Dr. Snell-Rood found two species of shrews and two species of bats grew mo’ brains in rural Minnesota as well.

She proposes that the brains of all six species have gotten bigger because the radically disrupted environment allows only the animals better at learning to survive.

[Ed. Note: Neanderthal cranial capacity is now believed to have been larger than human skulls. Reconstructions of Neanderthal infants showed that Neanderthals and modern humans started with the same size skull but the Neanderthal brain outpaced the modern human brain by adulthood.]

The Minnesota study also found that the cranial capacity shrinks in species in environments that require no added learning to survive.

Mouse with smaller craniumA subsequent study at the Lightman Group looked at rattus norvegicus trained to hide food from their study group. The animal models developed an interesting added behavior: after the initial concealment, the animals studied distracted all the others in the environment away from the hiding place. In other words, they lied to their study group. After just three generations, cranial capacity in the entire cohort shrank by eight percent.

Finally, a Smithsonian Institution study of groups of 535 people in Washington DC from 1900-2012 shows that brains have gotten 11 percent smaller in that sample.

 

Full Moon

A surgeon friend pulls ER duty at the local medical center on Friday nights and whenever there is a full moon. Last week we had both when a paramedics brought in a man found collapsed in the road, the victim of an apparent hit-and-run.

“This is medicine as it’s supposed to be,” he said to me as he probed the distended stomach of the man he was about to take to surgery, eager as only a surgeon can be to cut and slice and repair.


PLAN AHEAd

My friend the surgeon was wrong.

Coming at that from a different angle, Wile E Coyote should have considered ordering from Zenith instead of Acme. The Acme Giant Rubber Band, for example, never tripped a Road Runner.

“When I was 15, I had a crush on this guy who was really good at magic,” Danica McKellar said, “and so I learned to juggle, thinking it would impress him. I spent hours and hours practicing, planning to show him. And then I never even saw him again. But at least I learned how to juggle.”

Planning.

As far as I know, none of my grandparents ever had a credit card. “When I run out of money, I plan to stop spending,” my grandfather said.

Planning.

My friends Missy and Biff live in North Carolina but they love to spend time in South Puffin. They scheduled a vacation there this week but they forgot to ask where I’d be (I’m nearly frozen in North Puffin) so they arrived this morning with no place to stay.

Planning.

The search term, “Plan Ahead,” gets about 390,000,000 results in 0.27 seconds on Google. 390 million.
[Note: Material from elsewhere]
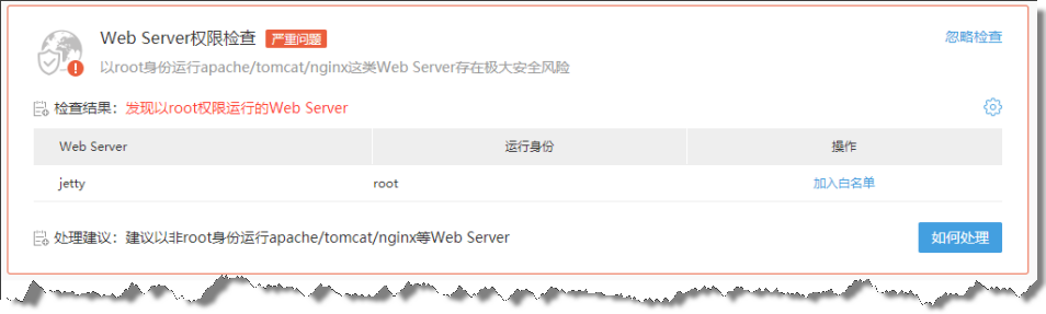 a)Web Server权限检查:以root身份运行apache/tomcat/nginx这类Web Server存在极大安全风险,考虑到安全因素,建议以非root身份运行apache/tomcat/nginx等Web Server;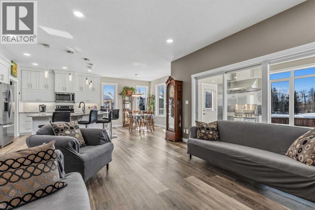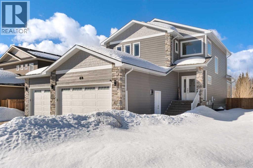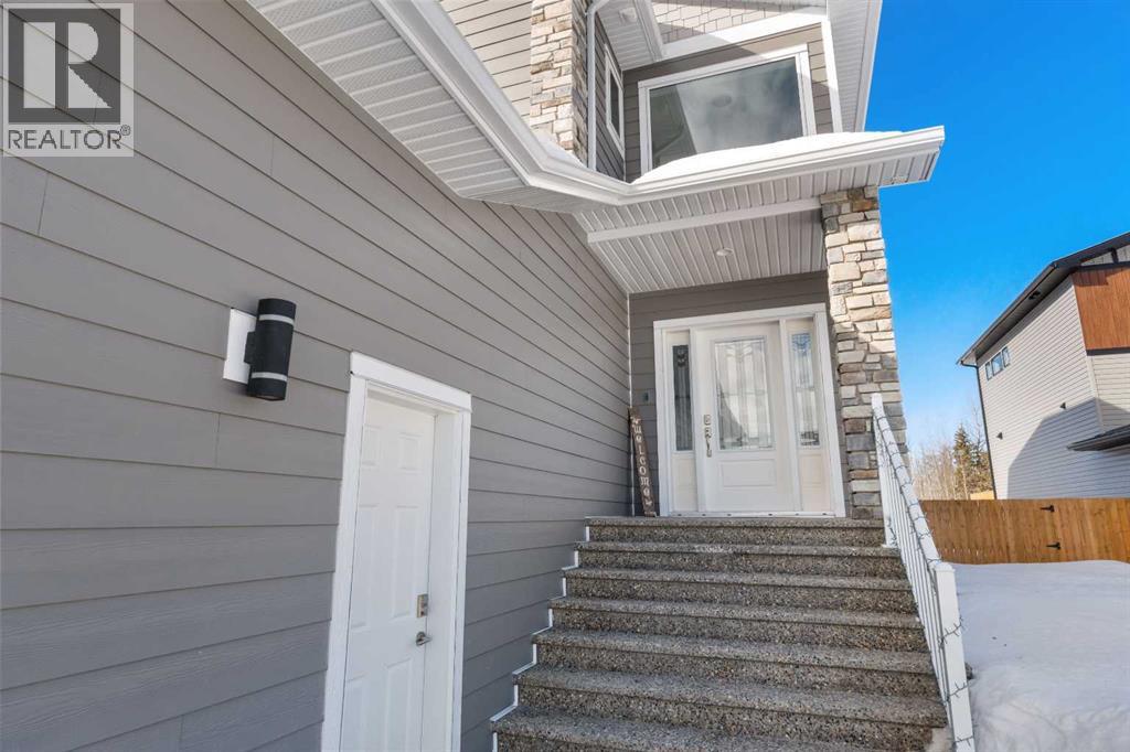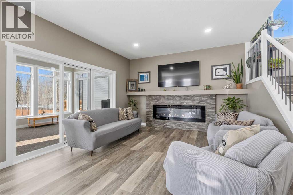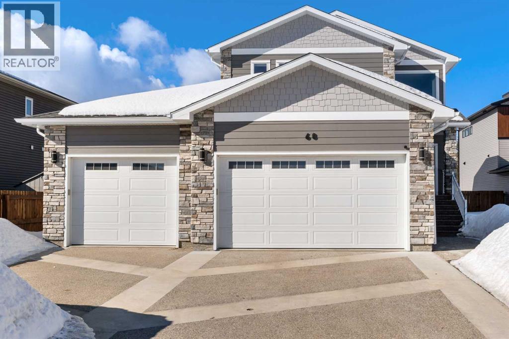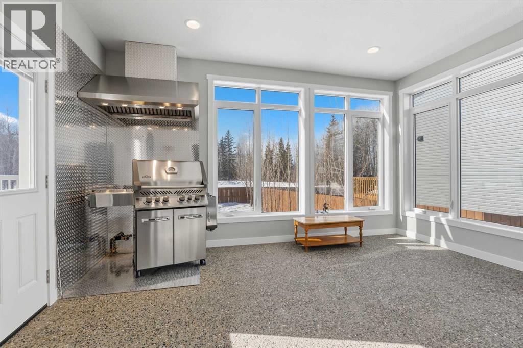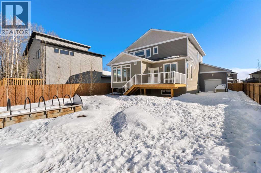 Custom home is situated in a quiet cul-de-sac backing onto green space, offering direct access to paved trails leading to the Athabasca River or Festival Park. The exterior features a wide aggregate driveway to a massive 1,068 sq. ft. triple-car garage with 11-foot ceilings, an overhead heater, hot and cold taps, a dedicated dog wash, EV charging, and a convenient drive-thru bay to the backyard. Inside, the main floor greets you with a soaring entryway looking up to the second level, 9-foot ceilings throughout, and a smart second entrance from the garage to hide clutter from guests. The gourmet kitchen is a standout with quartz countertops, a walk-through pantry, upgraded ceiling-height cabinets, a bar fridge, and an electric stove with a double oven, all centered around a large island that seats five (or more) comfortably. This space flows into a bright dining area with south and west-facing windows for evening sun, and a living room with an electric fireplace that opens to a fully enclosed, insulated 3-season room featuring a natural gas line and a commercial-grade hood fan for year-round indoor grilling. Upstairs, extra-wide stairs facilitate easy furniture movement and lead to three bedrooms and a convenient laundry room. The primary suite has soundproofing in the floor, wall, and door for total quiet, and windows overlooking your backyard. A 5-piece ensuite with two sinks, triple shower heads and a 15-foot walk-through closet that leads directly into the laundry room. The fully finished basement adds a fourth bedroom with a walk-in closet, a wet bar with a matching bar fridge, and a fully soundproofed theatre room with two hidden windows already installed for an easy conversion to a 5th bedroom if needed. The home also includes the convenience of a built-in central vacuum system with a quick-sweep plate in the kitchen for effortless cleanup, along with a large, finished storage area tucked under the stairs featuring matching flooring and trim. Every inch of thi s home is built for efficiency and comfort, featuring fire- and hail-resistant Hardie Board on an ICF block foundation, a dual-zone high-efficiency furnace for separate temperature control on each level, a 60-gallon hot water tank, and a Black Box electrical system that intelligently manages power between your EV charger and appliances. Hot and cold taps front and back outside are such little examples of the upgrades this home holds. This residence is a masterpiece! (id:63190)

Our apparent hit-and-run victim went in to surgery where the doc found no broken bones, no bruises, no trauma. He did find a bowel obstruction that had burst through the intestinal wall, sending fecal matter into the abdominal cavity.

Our victim was a car wreck indeed, but not because any vehicles came close to him. He was a car wreck because he had avoided good medicine.

PLAN AHEAd
“Never look back unless you are planning to go that way.”
— Henry David Thoreau

Good medicine isn’t life-saving emergency surgery. Good medicine is preventing the need for life-saving emergency surgery.
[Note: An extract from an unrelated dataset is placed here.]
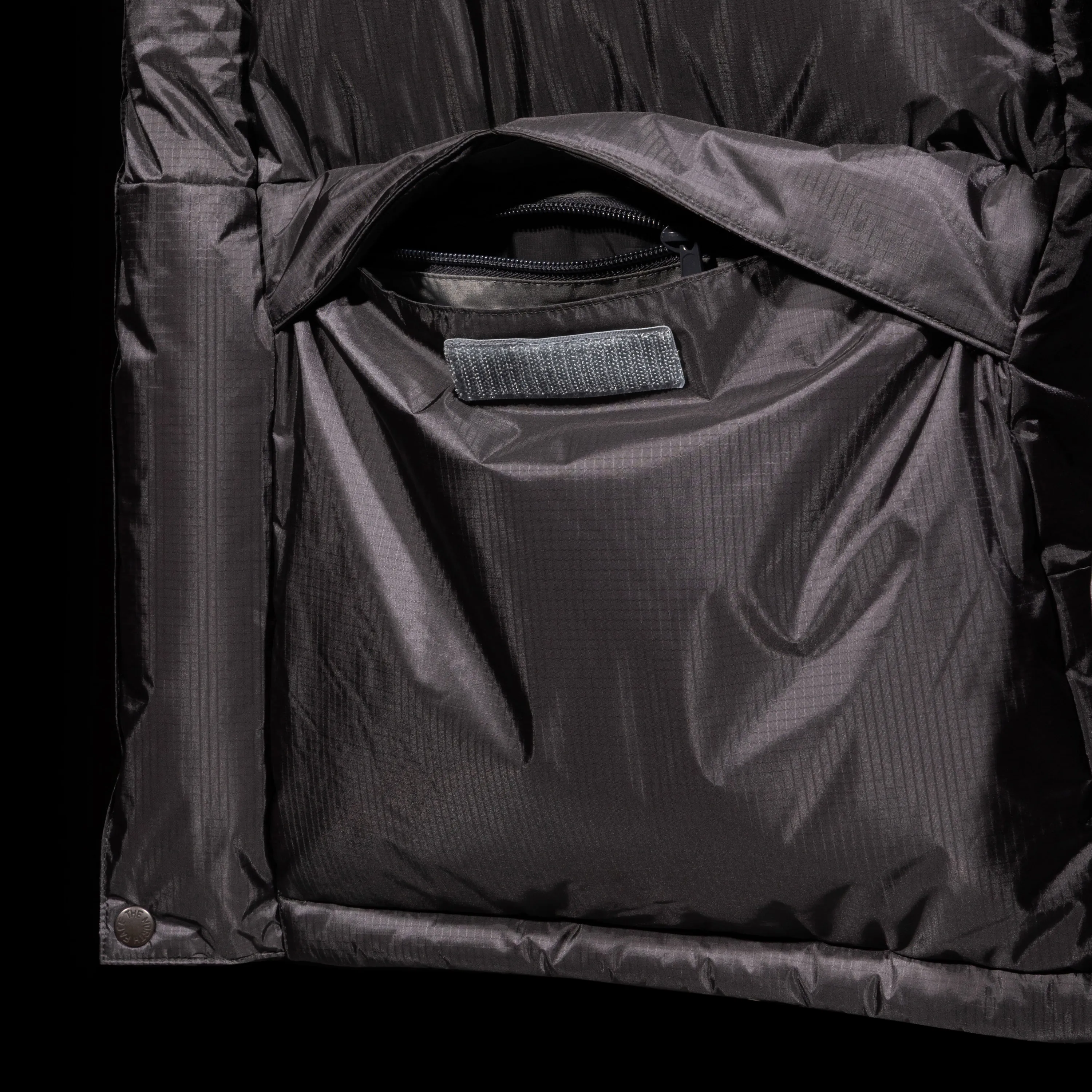 左右にファスナー付きポケットを配置。タウンスタイルにも映えるデザインと、保温性と軽さを追求した機能を兼ね備える。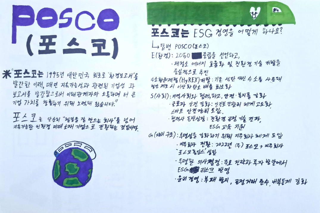 SDGs 7번 '모두를 위한 깨끗한 에너지' 목표 달성을 위해 ESG(환경·사회·지배구조) 경영을 실천하는 기업 분석 보고서를 작성하는 활동도 펼쳤습니다.

“I’m not good at future planning. I don’t plan at all. I don’t know what I’m doing tomorrow. I don’t have a day planner and I don’t have a diary. I completely live in the now, not in the past, not in the future.”
— Actor Heath Ledger

That worked out very well for Mr. Ledger.

The United States Congress may actually be in session this week (although this might be another planned vacation). As we near the 793rd episode of “let’s shut down the Government” this year, I’m thinking they would do better to emulate my grandfather than Mr. Ledger.